Data under study:
•••••
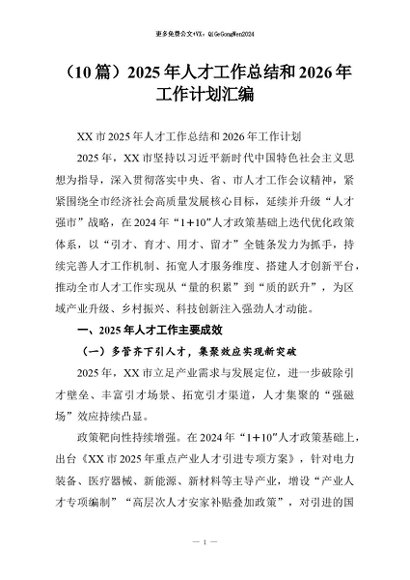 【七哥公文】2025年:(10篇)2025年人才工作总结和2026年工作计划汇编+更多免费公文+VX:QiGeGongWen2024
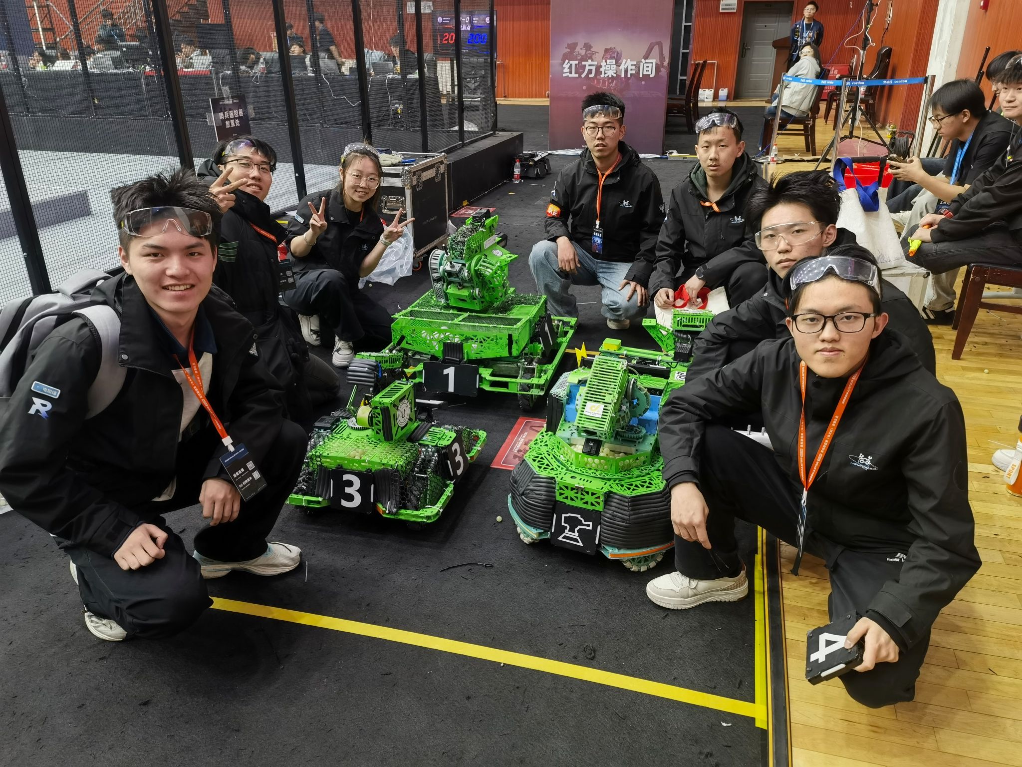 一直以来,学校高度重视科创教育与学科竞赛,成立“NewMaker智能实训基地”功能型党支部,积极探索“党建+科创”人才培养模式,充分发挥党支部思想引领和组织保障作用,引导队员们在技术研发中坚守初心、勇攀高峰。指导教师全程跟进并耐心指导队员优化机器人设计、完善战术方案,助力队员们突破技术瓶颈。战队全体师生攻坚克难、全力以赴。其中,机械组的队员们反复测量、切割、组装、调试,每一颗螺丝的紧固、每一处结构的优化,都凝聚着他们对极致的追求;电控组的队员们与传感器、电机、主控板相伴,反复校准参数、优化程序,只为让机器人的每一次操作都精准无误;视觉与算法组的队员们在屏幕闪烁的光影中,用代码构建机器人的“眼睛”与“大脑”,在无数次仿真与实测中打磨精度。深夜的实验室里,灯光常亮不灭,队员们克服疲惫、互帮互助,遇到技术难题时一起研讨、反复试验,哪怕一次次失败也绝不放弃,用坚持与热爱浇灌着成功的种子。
•••••
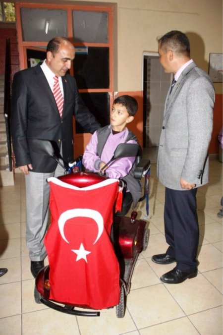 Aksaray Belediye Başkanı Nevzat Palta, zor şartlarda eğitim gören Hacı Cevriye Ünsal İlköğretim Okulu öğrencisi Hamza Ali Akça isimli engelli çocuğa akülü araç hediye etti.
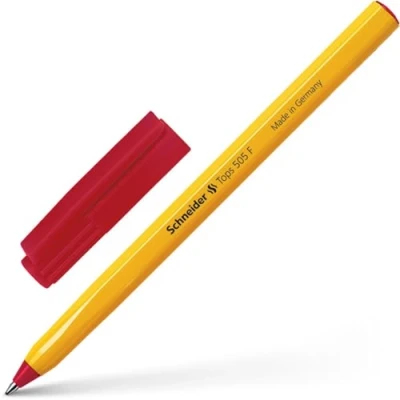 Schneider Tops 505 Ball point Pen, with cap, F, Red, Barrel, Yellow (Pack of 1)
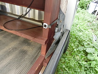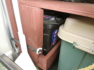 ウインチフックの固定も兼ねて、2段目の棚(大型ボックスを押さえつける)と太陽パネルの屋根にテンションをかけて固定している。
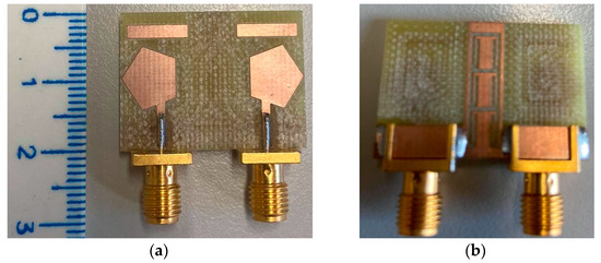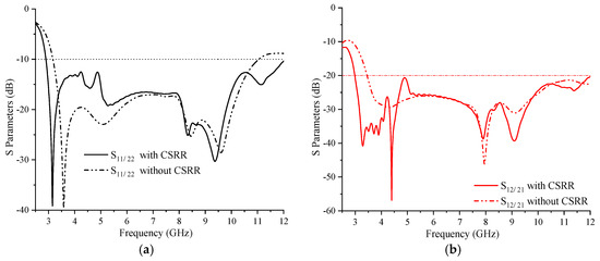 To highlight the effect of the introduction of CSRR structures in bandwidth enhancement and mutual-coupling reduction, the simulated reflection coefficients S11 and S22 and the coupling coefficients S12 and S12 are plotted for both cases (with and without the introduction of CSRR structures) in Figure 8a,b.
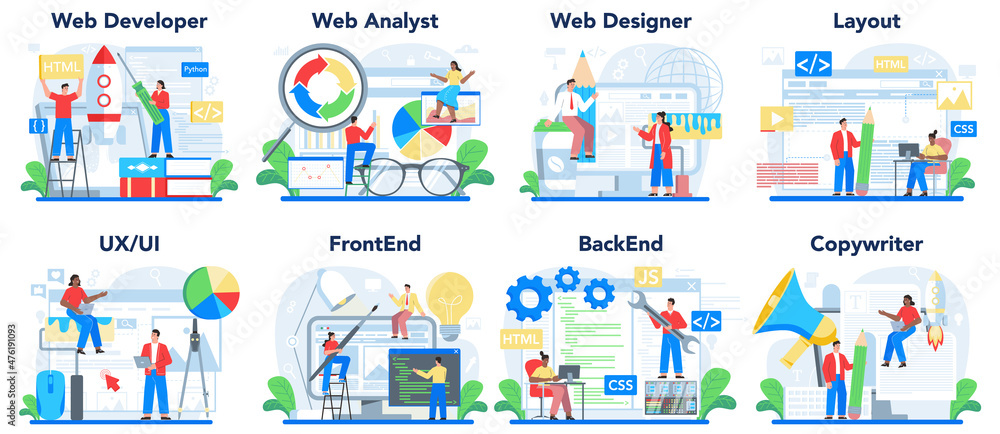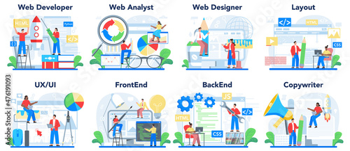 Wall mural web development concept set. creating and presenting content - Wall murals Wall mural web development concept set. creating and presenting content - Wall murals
•••••
Exercise goal: Look above for the line with "Aksaray Belediye Başkanı", then print it and each line after it down to and including the line with "ウインチフックの固定も兼ねて". Leave out the pictures and keep the wording exact.

The answer:
 Aksaray Belediye Başkanı Nevzat Palta, zor şartlarda eğitim gören Hacı Cevriye Ünsal İlköğretim Okulu öğrencisi Hamza Ali Akça isimli engelli çocuğa akülü araç hediye etti.
 Schneider Tops 505 Ball point Pen, with cap, F, Red, Barrel, Yellow (Pack of 1)
 ウインチフックの固定も兼ねて、2段目の棚(大型ボックスを押さえつける)と太陽パネルの屋根にテンションをかけて固定している。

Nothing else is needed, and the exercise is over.